Personal information
- Full name: Laban Kipngetich Korir
- Nationality: Kenyan
- Born: 30 June 1985 (age 40)

Sport
- Country: Kenya
- Sport: Athletics
- Event: Long-distance running
- Team: NN Running Team

= Laban Korir =

Kenyan long-distance runner

Laban Kipngetich Korir (born 30 June 1985 in Uasin Gishu District) is a Kenyan long-distance runner who competes in road running competitions. He is currently part of the NN Running Team, an international team of elite long-distance runners managed by Global Sports Communication in Nijmegen, Netherlands.

==Career==
Laban Korir began competing abroad for the first time in 2008 in his early twenties. His first win came at the Setúbal Half Marathon in Portugal, and another followed at the 2009 Pombal Meia Maratona. Working with athletics manager Jos Hermens, he gained a place at the 2011 Amsterdam Marathon and made the third-fastest marathon debut in history with his run of 2:06:05 hours, which was enough for second place behind Wilson Chebet.
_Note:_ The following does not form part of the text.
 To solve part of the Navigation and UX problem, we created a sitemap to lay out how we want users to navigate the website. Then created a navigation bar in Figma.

In his first race of 2012 he came fifth at the Roma-Ostia Half Marathon, but improved his best over the distance to a time of 1:00:38 hours. He was invited to the 2012 Boston Marathon and managed sixth place, although difficult running conditions left him with a slower time of 2:15:29 hours. A run at the 2012 Chicago Marathon saw him in contention up to the halfway point, but he faded into eleventh place by the finish.

Korir then won the 2014 Toronto Waterfront Marathon with a time of 2:08:15.
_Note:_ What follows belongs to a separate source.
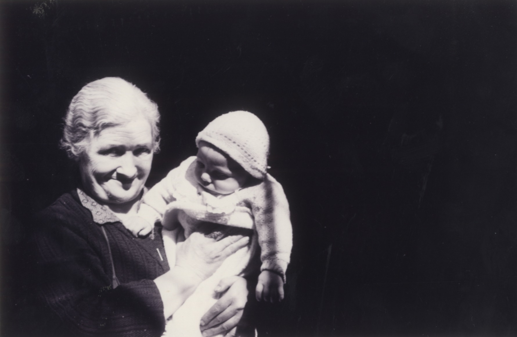 Amona haurra besoetan duela

On 12 April 2015, he placed sixth at the Paris Marathon in 2:07:54. On 23 August, Korir won the Klagenfurt Half Marathon in Austria in a time of 1:01:52. On 18 October, he attempted to retain his title at the Toronto Waterfront Marathon, but finished third in 2:09:20.

On 3 April 2016, Korir headed back to Paris to compete in the Paris Marathon. He finished second in a time of 2:07:29 behind race winner, fellow Kenyan Cybrian Kotut who clocked 2:07:11. Laban's next marathon was on 16 October where he placed 4th in a new personal best time of 2:05:54 at the Amsterdam Marathon.

In 2017, he placed eighth at the Granollers Half Marathon in 1:03:54 on 5 February. On 9 April, Korir secured a podium finish at the Rotterdam Marathon placing third in a time of 2:06:24. His next race was on 20 August, at the Klagenfurt Half Marathon, where he placed third in 1:01:45. He returned to the Netherlands to compete at the Amsterdam Marathon on 15 October where he finished sixth in 2:07:01.

In 2018, Korir placed fourth at the Rotterdam Marathon in 2:05:58 on 8 April. He competed at the Klagenfurt Marathon on 26 August and finished third clocking 1:02:21. Korir returned to the Amsterdam Marathon, where on 21 October he placed sixth in 2:06:33.

In 2019, he competed at the Barcelona Marathon on 10 March, placing ninth in 2:09:36. The next month, Korir competed at the Hamburg Marathon placing 12th in 2:11:26 on 28 April. He represented Kenya in the men's marathon at the 2019 World Championships in Athletics alongside Kenyan teammates Geoffrey Kirui, Paul Lonyangata and Amos Kipruto. He competed in the men's marathon at the 2019 World Athletics Championships held in Doha, Qatar. He finished in 11th place. Laban recorded a time of 2:12:38.

Korir did not race in 2020.

In 2021, he lined up at the NN Mission Marathon in Enschede, Netherlands on 18 April. Despite starting with the lead pack, Korir dropped off the pace and eventually dropped out of the race. Fellow NN Running Team member Kenya's Eliud Kipchoge won the marathon.

Laban Korir is serving as president of the NN Running Team training camp in Kaptagat, Kenya. He works welcoming new athletes and important visitors. He says, "To be a president in the camp is sometimes very difficult, but above all you need to be honest, and show good self-discipline to the other athletes so that they can follow. You need to be a good example to others."

Some of Korir's training partners include Eliud Kipchoge, Philemon Rono and Geoffrey Kamworor.